Профессор по-хозяйски погладил сумку по стеганому лаковому боку, словно приведенную на продажу корову. Ему было невдомек, какие метаморфозы происходят с его собеседником.
– Вот вы смотрите на нее как на таковую, то есть снаружи, – назидательно произнес он, – а что если посмотреть изнутри-с?
– Изнутри-с, а не на таковую? – попытался изобразить напряжение мысли Капралов, чтобы немного ускорить старика.

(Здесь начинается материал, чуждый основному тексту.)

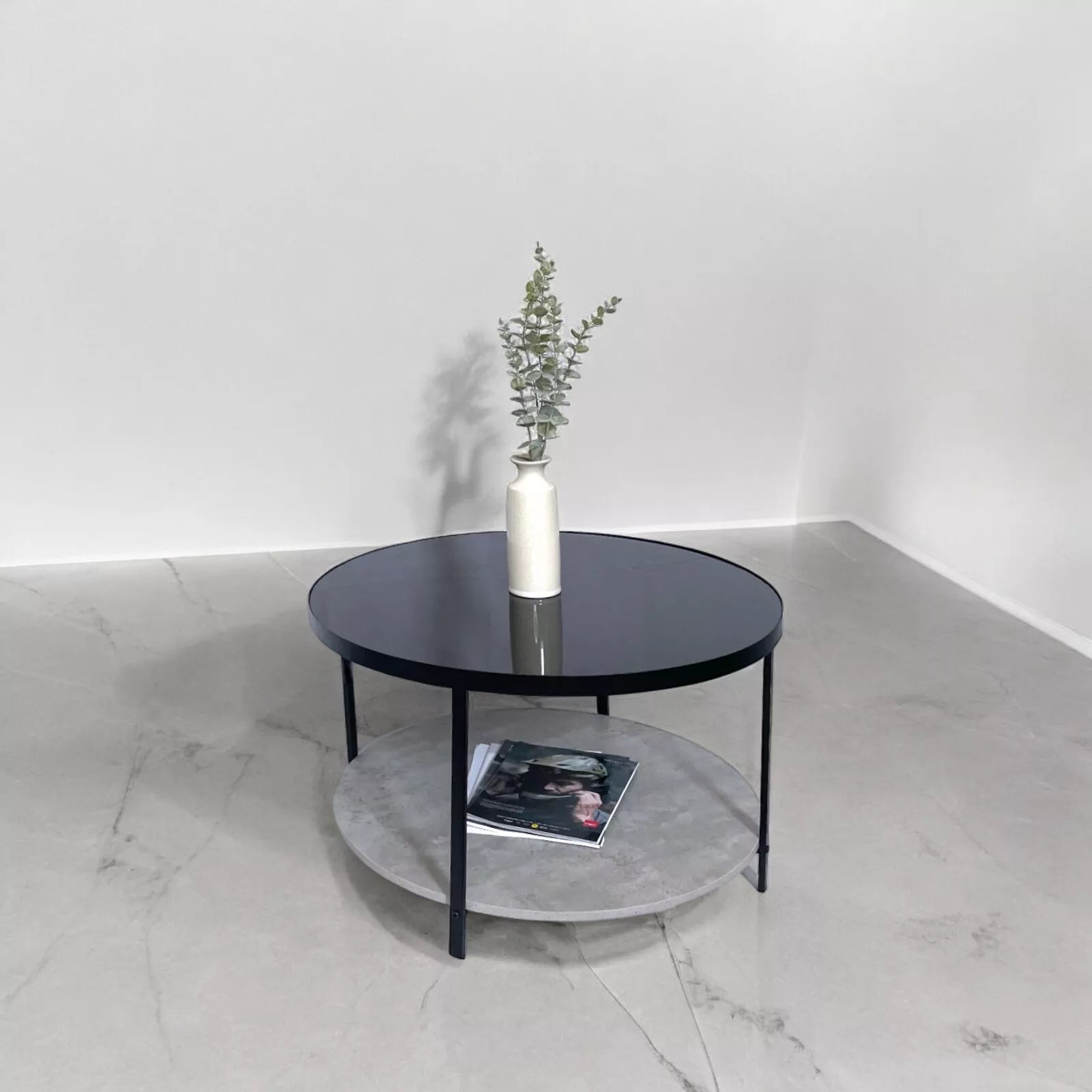 Modern Coffee Table Concrete Effect Base With Black Glass

– Именно! Сумка важна не сама по себе, Раечка ведь у нас не английская королева! Важно, что у нее внутри-с!
– У Раечки-с? – вырвалось у писателя.
Профессор скривился и несколько секунд молча смотрел на Капралова, словно прежде чем снова открыть рот желал проглотить внезапно возникшую оскомину. Наконец он смог себя перебороть и продолжал как ни в чем ни бывало.
– В этой сумке она носит свой талисман – пупсика. Вот для чего нужна сумка! Вернее, носила, пока он не пропал. Вы об этом знали?
Капралов, не разжимая губ, покачал головой; в этот раз писатель внял совету психиатра, что покамест будет лучше молчать.
– Разумеется, не знали-с, – подтвердил профессор. – Вам же никто о нем не говорил. А вот я имел неосторожность, вернее – любопытство, кто же знал, что он пропадет! – да, имел любопытство о нем расспрашивать. Неоднократно-с. И теперь она думает, что я причастен к его пропаже. Точнее, она считает, что я его спер. Но это неправда! Абсолютная! Совершенная неправда! Я здесь ни при чем-с! Лука Романыч, на вас, голубчик, вся надежда! Я, старый дурак, рассчитывал на доверие, – ведь это не так уж и много, согласитесь? – но лишь убедился, что то были наивные мечты.
Профессор дернулся распрямить спину, но дальше распрямляться было некуда, мечтательным голосом продекламировал «мечты, мечты, где ваша сладость?», не поворачивая головы обвел затуманенным взглядом пруд и продолжал, подпустив в голос дрожи:
– Молодым не понять, они уверены, что впереди у них вечная жизнь, но мы-то, старики, знаем, что слово «жизнь» в этом словосочетании лишне… Совсем не осталось времени грешить, полный цейтнот-с… Вы должны, да что там, попросту обязаны очистить перед Раенькой мое доброе имя! Пока не поздно! Ведь я ни сном ни духом, ей-богу!
Он выпустил сумку и истово перекрестился во все туловище, чуть не до крови ткнув себя пальцем в лоб.
– Не брал я этого чертова пупса!
– Да что за пупсик такой? – спросил немного опешивший Капралов. – И зачем его везде с собою носить?
– Да в том и дело, что понятия не имею! Ну, скажите, мон шер, разве я похож на того, кто шарит по чужим сумкам, тем более дамским?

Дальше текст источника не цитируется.